- ACTION ITEM:
Transcribe everything in the listing as written, and let no image into the copy.

- RECORDED INFORMATION:
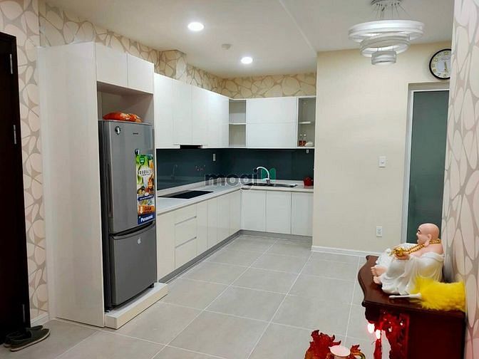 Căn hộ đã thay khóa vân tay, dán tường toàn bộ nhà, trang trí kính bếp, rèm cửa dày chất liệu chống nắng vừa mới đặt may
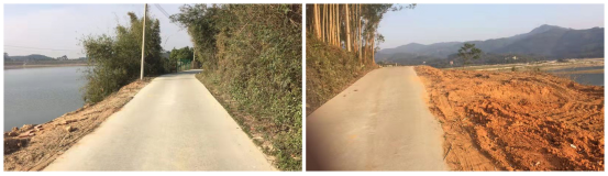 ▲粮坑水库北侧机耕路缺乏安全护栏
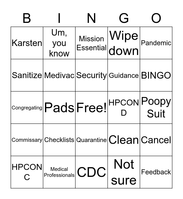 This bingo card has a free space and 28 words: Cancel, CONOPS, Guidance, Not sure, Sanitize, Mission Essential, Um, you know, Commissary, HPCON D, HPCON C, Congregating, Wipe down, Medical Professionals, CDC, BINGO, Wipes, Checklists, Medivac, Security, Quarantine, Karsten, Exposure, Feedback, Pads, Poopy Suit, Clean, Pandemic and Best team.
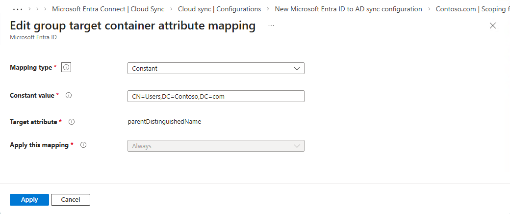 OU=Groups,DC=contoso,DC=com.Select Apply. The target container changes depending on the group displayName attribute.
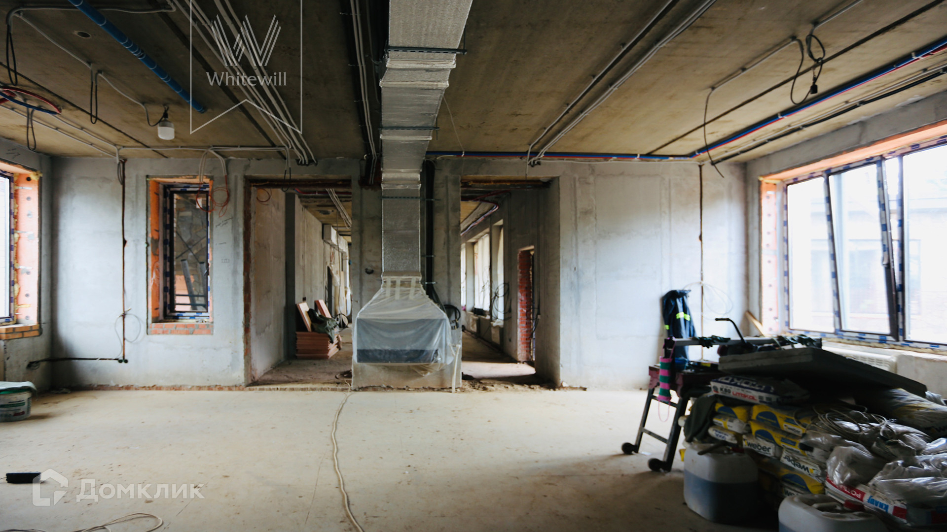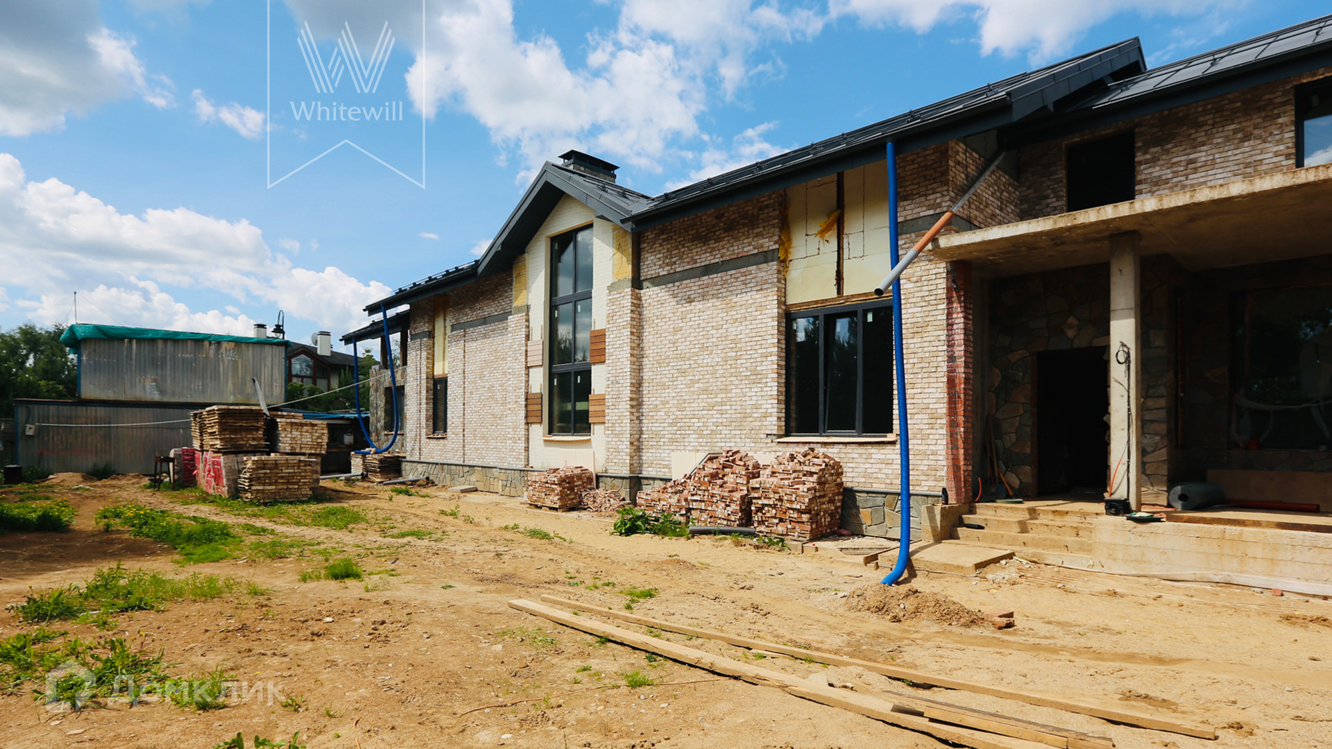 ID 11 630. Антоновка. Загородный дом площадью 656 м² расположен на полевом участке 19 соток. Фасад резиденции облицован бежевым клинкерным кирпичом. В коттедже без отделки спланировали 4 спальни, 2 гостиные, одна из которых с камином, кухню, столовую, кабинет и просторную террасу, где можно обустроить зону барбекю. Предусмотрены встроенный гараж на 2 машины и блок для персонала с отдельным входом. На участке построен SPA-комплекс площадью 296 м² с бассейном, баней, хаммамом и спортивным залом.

- RESULT:
 Căn hộ đã thay khóa vân tay, dán tường toàn bộ nhà, trang trí kính bếp, rèm cửa dày chất liệu chống nắng vừa mới đặt may
 ▲粮坑水库北侧机耕路缺乏安全护栏
 This bingo card has a free space and 28 words: Cancel, CONOPS, Guidance, Not sure, Sanitize, Mission Essential, Um, you know, Commissary, HPCON D, HPCON C, Congregating, Wipe down, Medical Professionals, CDC, BINGO, Wipes, Checklists, Medivac, Security, Quarantine, Karsten, Exposure, Feedback, Pads, Poopy Suit, Clean, Pandemic and Best team.
 OU=Groups,DC=contoso,DC=com.Select Apply. The target container changes depending on the group displayName attribute.
 ID 11 630. Антоновка. Загородный дом площадью 656 м² расположен на полевом участке 19 соток. Фасад резиденции облицован бежевым клинкерным кирпичом. В коттедже без отделки спланировали 4 спальни, 2 гостиные, одна из которых с камином, кухню, столовую, кабинет и просторную террасу, где можно обустроить зону барбекю. Предусмотрены встроенный гараж на 2 машины и блок для персонала с отдельным входом. На участке построен SPA-комплекс площадью 296 м² с бассейном, баней, хаммамом и спортивным залом.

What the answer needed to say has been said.